O silêncio é de ouro, admoesta o provérbio, mas então é melhor não se perguntar de que matéria é composto o alarido em que vivemos. Fazei uma experiência, chamai alguém do quarto ao lado: provavelmente não vos ouvirá, e não por sua culpa. A culpa é da grossa camada de rumor que recobre tudo o que fazemos, dizemos, pensamos. A reportagem é de Enrico Franceschini e publicada pelo jornal La Repubblica, 11-09-2007, comentando o "Manifesto" contra o ruído.
Eis a reportagem.
Os sons molestos arruínam a saúde. O Exército dos EUA adota projéteis sonoros. O livro publicado nestes dias: está em andamento uma guerra contra o indivíduo. O Financial Times relança o ato de acusação do estudioso inglês Stuart Sim. O grande mímico francês Marcel Marceau dizia: “Será que não é verdade que todos os momentos mais belos nos deixam sem palavras?” Na tradição religiosa de budistas, quackers e monges trapistas – o silêncio absoluto é a forma mais alta de consciência.
As sirenes de ambulâncias, polícia, bombeiros, o ruído de aviões, trens, automóveis, motocicletas, as furadeiras dos martelos pneumáticos, o ressoar dos compressores, o pistão de fábricas e canteiros de obras.
E depois, os rumores provocados pelos indivíduos: o televisor do vizinho, o estéreo dos filhos, o chiado irritante dos telefones, o choro desesperado de um recém-nascido em seu carrinho. A propósito: o exército americano pôs recentemente em funcionamento um arsenal de “projéteis sonoros”. São registros de crianças que choram, disparados a 140 decibéis. Um som de 45 decibéis, para se entender, impede o sono. O rumor do tráfego, ouvido por um transeunte a pé, chega aos 70 decibéis. Na quota de 85 decibéis, verifica-se um dano ao ouvido. Aos 120 decibéis, sente-se uma dor aguda nos ouvidos. Podemos imaginar-nos o que sucede aos 140!
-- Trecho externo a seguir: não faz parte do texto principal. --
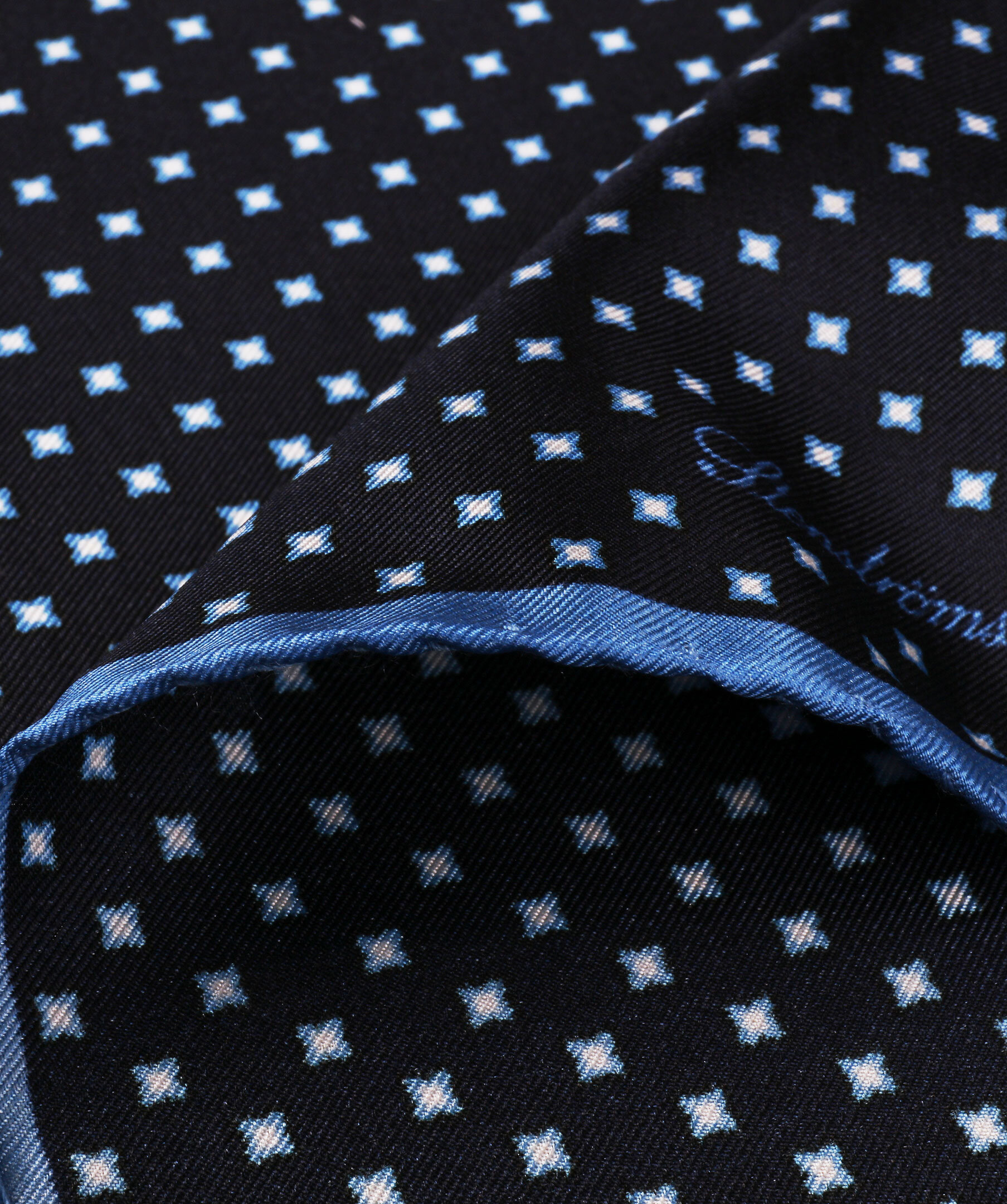 Den här näsduken från Stenströms har ett grafiskt blommönster med små former som ger en diskret detalj och adderar mönster i din stil. Den är tillverkad i Italien i lyxigt siden som matchar fint med en mörk kostym, men även med klassiska färger som brunt eller grått. Matcha med en marinblå kostym eller en udda blazer för en avslappnad men elegant look.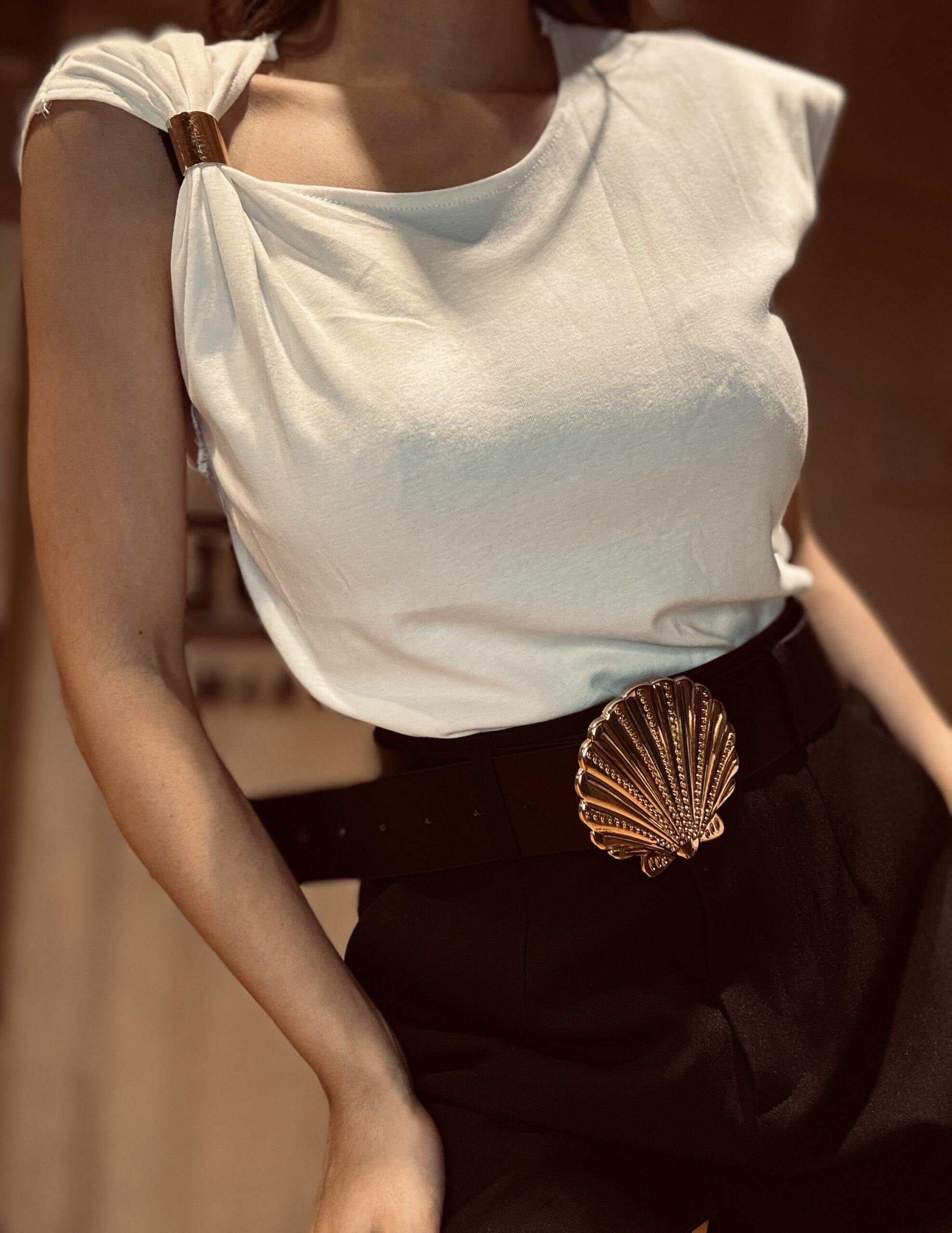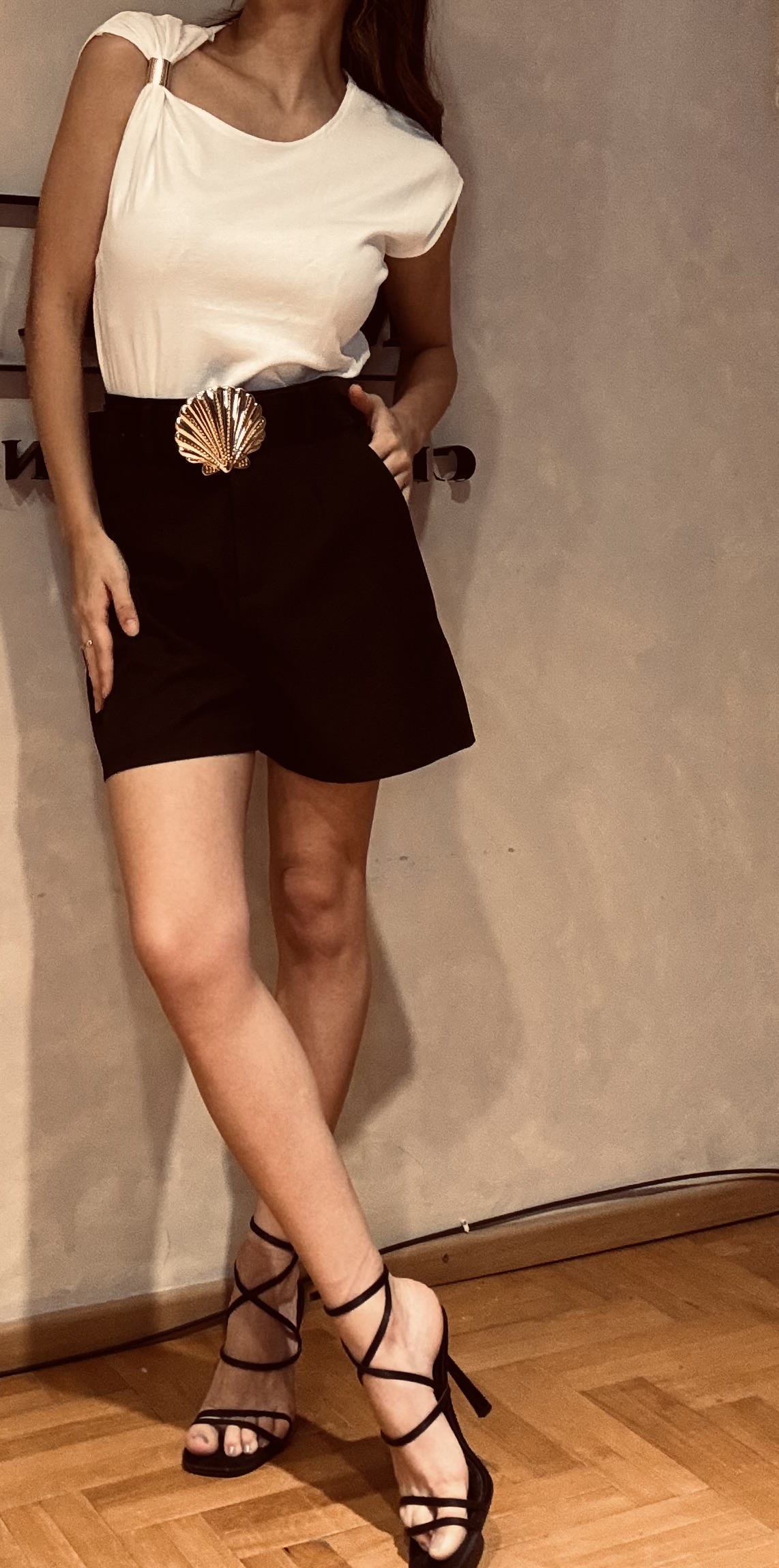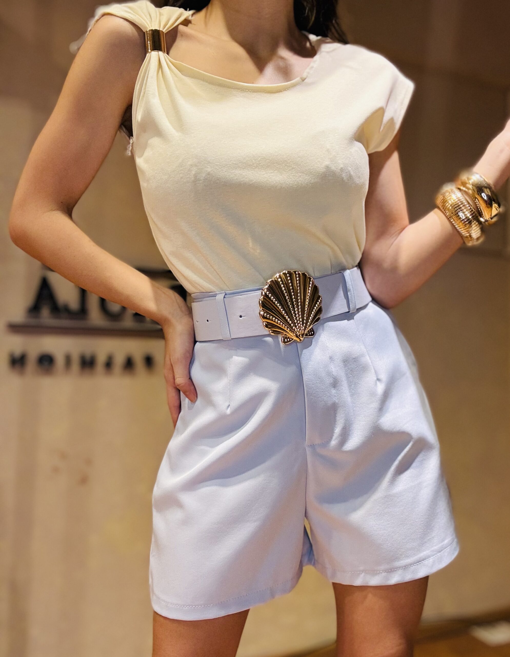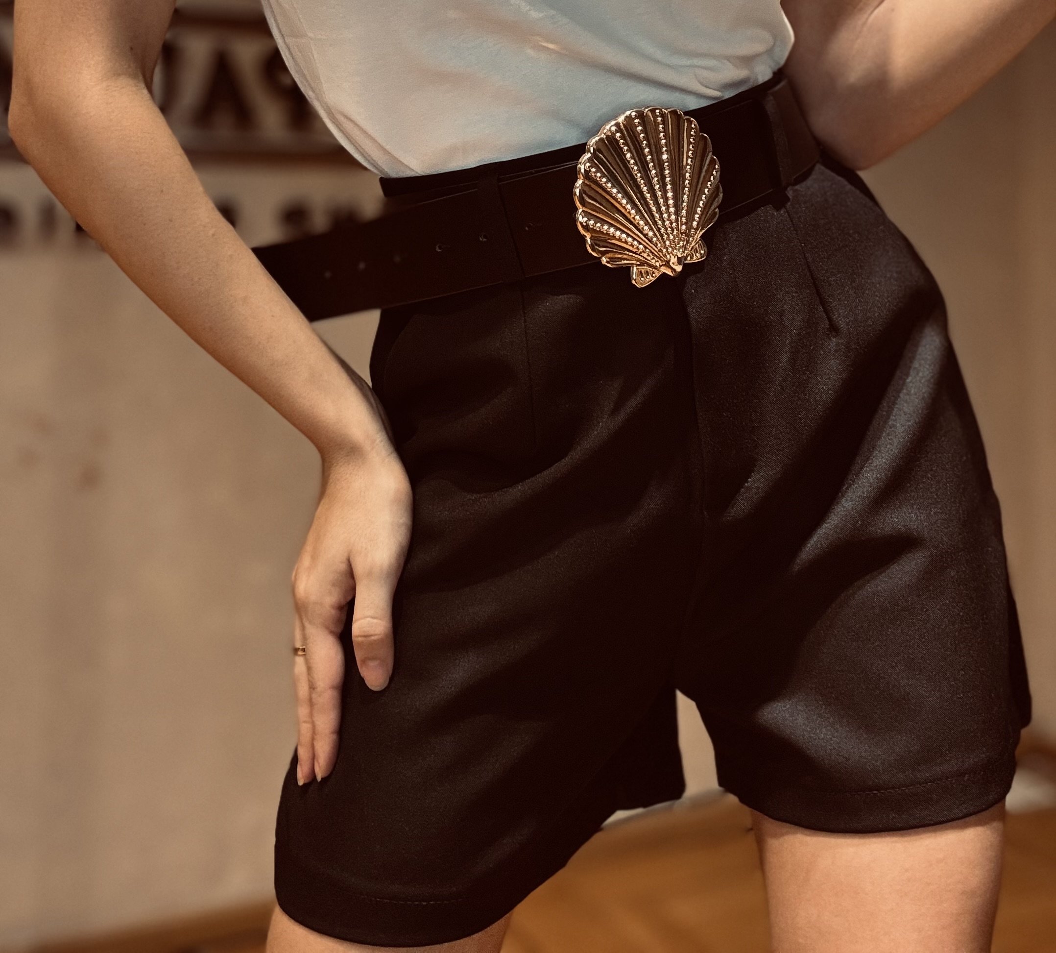 Short con cinturón hebilla dorada

A cacofonia dos sons que nos circunda, advertem estudos científicos em intervalos regulares, põe em perigo a nossa saúde: é causa de agressividade, hipertensão, estresse, distúrbios cardíacos. Mas, não parece ser esta a única conseqüência nefasta da “noise pollution”, da poluição sonora, como a chamam os experts internacionais: se o homem moderno não reencontrar o mais rapidamente possível um pouco de silenciosa quietude, correrá o risco de perder, junto com a audição, também o autoconhecimento. Em “Manifeste for silence” (Manifesto pelo silêncio), um livro publicado nestes dias na Grã Bretanha e antecipado pelo Financial Times, o professor Stuart Sim, docente de crítica teórica na Universidade de Stanford, de fato sustenta que o rumor é um elemento da guerra conduzida pelas forças do progresso econômico contra o indivíduo. Religião, filosofia, arte, literatura, música –segundo sua tese – demonstram que o silêncio não contradistingue a ausência de algo, porém representa um bem de importância crucial para nossa civilização: é o rio no qual navega o pensamento humano. Um rio que agora corre o risco de secar totalmente.
Canteiros de obras que trabalham 24 horas sobre 24, como em Shangai, em Moscou e em Nova York, sempre mais automóveis e aviões, sempre mais gente com sempre mais telefones ligados, criam um rumor de fundo – escreve o autor – que demule gradualmente a capacidade humana de raciocinar, expressar-se, existir. “Cogito, ergo sum”, não se pode pensar num estrépito pavoroso. E eis, então, este “manifesto pelo silêncio”, o convite a levantar-se em defesa da quietude, citando a tradição religiosa de budistas, quackers, monges trapistas, para os quais o silêncio representa a forma mais absoluta de consciência, mas, citando também a escritora americana Susan Sontag (“o silêncio é uma forma de discurso”) e o compositor John Cage (“não existe silêncio que não esteja carregado de sonoridade”). Naturalmente, não é preciso exagerar com o silêncio, porque pode ser equivocado: talvez não dizer nada signifique não ter nada a dizer. “Mas, será que não é verdade que todos os momentos mais belos nos deixam sem palavras?” perguntava alguém que de silêncio é bom entendedor, o grande mímico francês Marcel Marceau.
Procuremos, pois, ficar, pelo menos de vez em quando, com o celular desligado, longe do trâfego e com a boca fechada. Talvez consigamos sentir-nos a nós mesmos, como o austronauta de Odisséia no espaço, fechado numa cápsula perdida na noite cósmica, quase ensurdecido pela própria respiração: o único rumor perceptível no universo, o misterioso sopro da vida.